> **Problem statement**: Transcribe each line of the records below exactly, excluding any embedded images.

Data excerpts
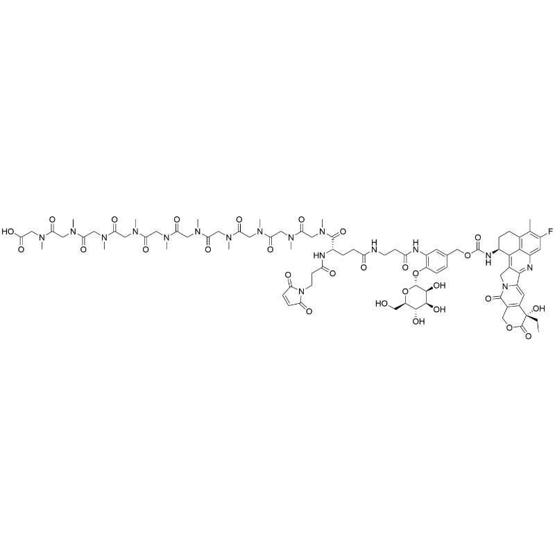 - SMILES: O=C(N[C@H]1CCC2=C(C1=C(CN3C4=CC5=C(COC([C@@]5(CC)O)=O)C3=O)C4=N6)C6=CC(F)=C2C)OCC7=CC(NC(CCNC(CC[C@@H](C(N(C)CC(N(C)CC(N(C)CC(N(C)CC(N(C)CC(N(C)CC(N(C)CC(N(C)CC(N(C)CC(N(C)CC(O)=O)=O)=O)=O)=O)=O)=O)=O)=O)=O)=O)NC(CCN8C(C=CC8=O)=O)=O)=O)=O)=C(O[C@@H]9[C@@H](O)[C@H]([C@@H]([C@H](O9)CO)O)O)C=C7
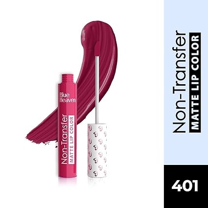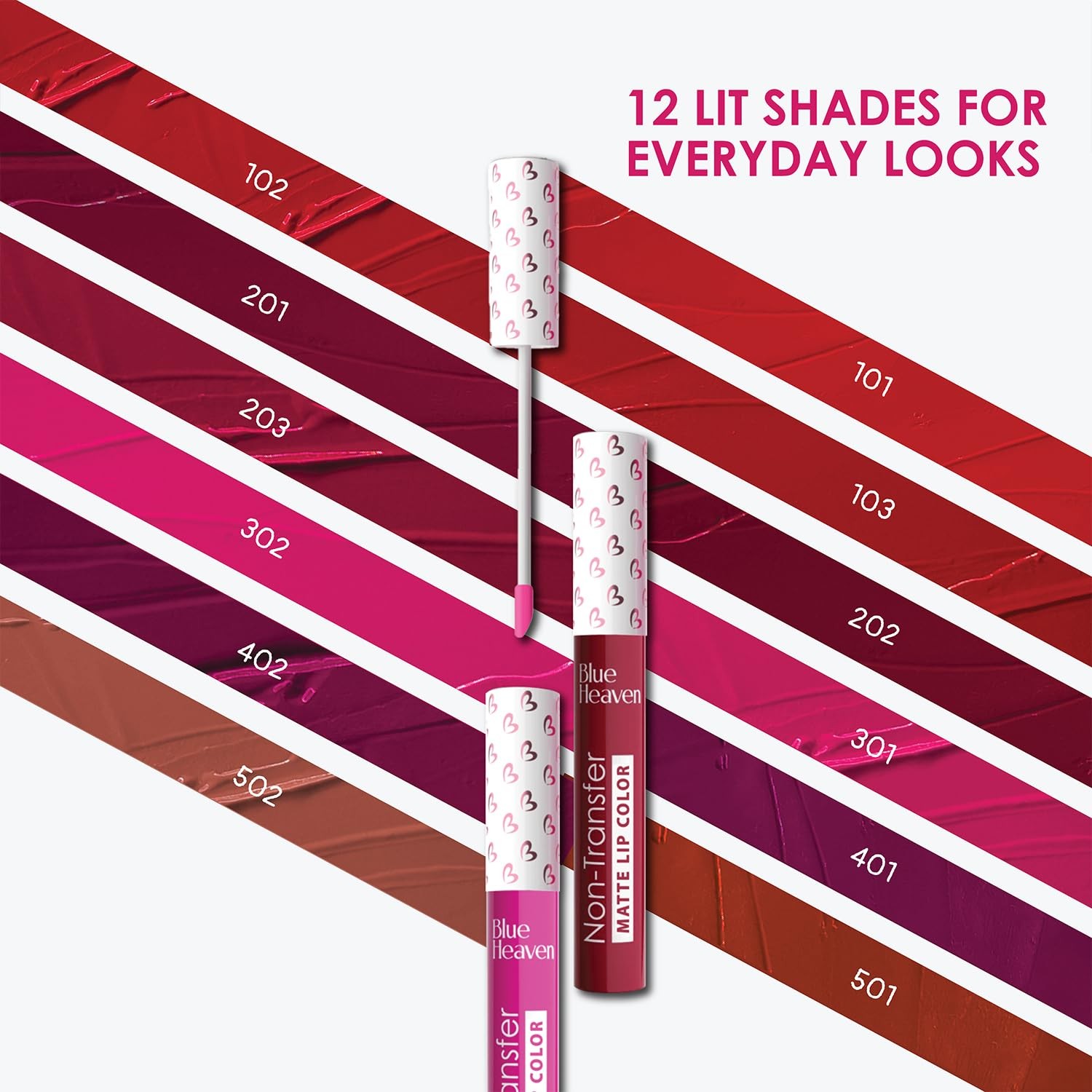 Blue Heaven Non Transfer Lip Color Liquid lipstick Waterproof & Smudge Proof Intense Pigment Long-Lasting upto 8hr Matte Finish with Hydrating Formula 401 3GM
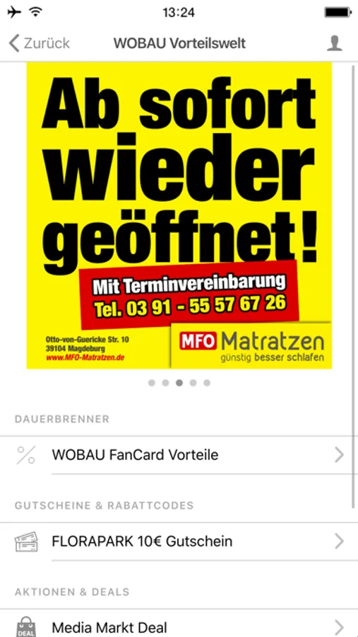 In der Mediathek innerhalb der App können Sie zudem aktuelle Videos abrufen. Diese geben spannende Einblicke in die Bauvorhaben der WOBAU, stellen interessante Wohnungsangebote vor oder lassen Veranstaltungen Revue passieren.
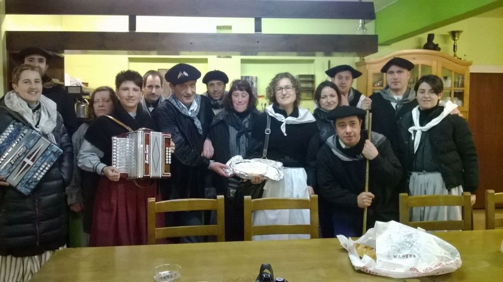 Aizarnazabalen asteburuan ibili dira santaeskean. Larunbatean, goizean hasi eta egun osoko saioa egin zuten Adiskide Bertso Eskolako kideek. Urtero bezala, Aitor Mendiluze bertsolaria ibili zen beraiekin baserriz baserri kopla kantari.
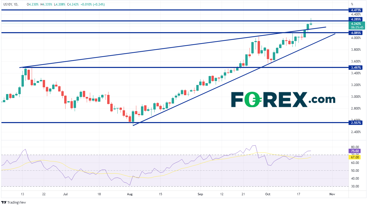 美债收益走势相似。如果美联储开始放慢加息步伐,美债收益率将放缓走势。此前10年期美债收益率按上升楔形增长,不过预期收益率将跌破这一形态。周四收益率突破上轨是否会是一次假突破?《华尔街日报》发文后,10年期美债收益率走势变动与美元指数指数相似,在冲上新高后快速反转。如果日内保持倒锤形态,国债收益率将回归楔形,测试上升楔形下轨,逼近3.85%。同时值得注意的是,RSI表现与国债收益率相反,表明将出现盘整。

> **Output for this task**:
 - SMILES: O=C(N[C@H]1CCC2=C(C1=C(CN3C4=CC5=C(COC([C@@]5(CC)O)=O)C3=O)C4=N6)C6=CC(F)=C2C)OCC7=CC(NC(CCNC(CC[C@@H](C(N(C)CC(N(C)CC(N(C)CC(N(C)CC(N(C)CC(N(C)CC(N(C)CC(N(C)CC(N(C)CC(N(C)CC(O)=O)=O)=O)=O)=O)=O)=O)=O)=O)=O)=O)NC(CCN8C(C=CC8=O)=O)=O)=O)=O)=C(O[C@@H]9[C@@H](O)[C@H]([C@@H]([C@H](O9)CO)O)O)C=C7
 Blue Heaven Non Transfer Lip Color Liquid lipstick Waterproof & Smudge Proof Intense Pigment Long-Lasting upto 8hr Matte Finish with Hydrating Formula 401 3GM
 In der Mediathek innerhalb der App können Sie zudem aktuelle Videos abrufen. Diese geben spannende Einblicke in die Bauvorhaben der WOBAU, stellen interessante Wohnungsangebote vor oder lassen Veranstaltungen Revue passieren.
 Aizarnazabalen asteburuan ibili dira santaeskean. Larunbatean, goizean hasi eta egun osoko saioa egin zuten Adiskide Bertso Eskolako kideek. Urtero bezala, Aitor Mendiluze bertsolaria ibili zen beraiekin baserriz baserri kopla kantari.
 美债收益走势相似。如果美联储开始放慢加息步伐,美债收益率将放缓走势。此前10年期美债收益率按上升楔形增长,不过预期收益率将跌破这一形态。周四收益率突破上轨是否会是一次假突破?《华尔街日报》发文后,10年期美债收益率走势变动与美元指数指数相似,在冲上新高后快速反转。如果日内保持倒锤形态,国债收益率将回归楔形,测试上升楔形下轨,逼近3.85%。同时值得注意的是,RSI表现与国债收益率相反,表明将出现盘整。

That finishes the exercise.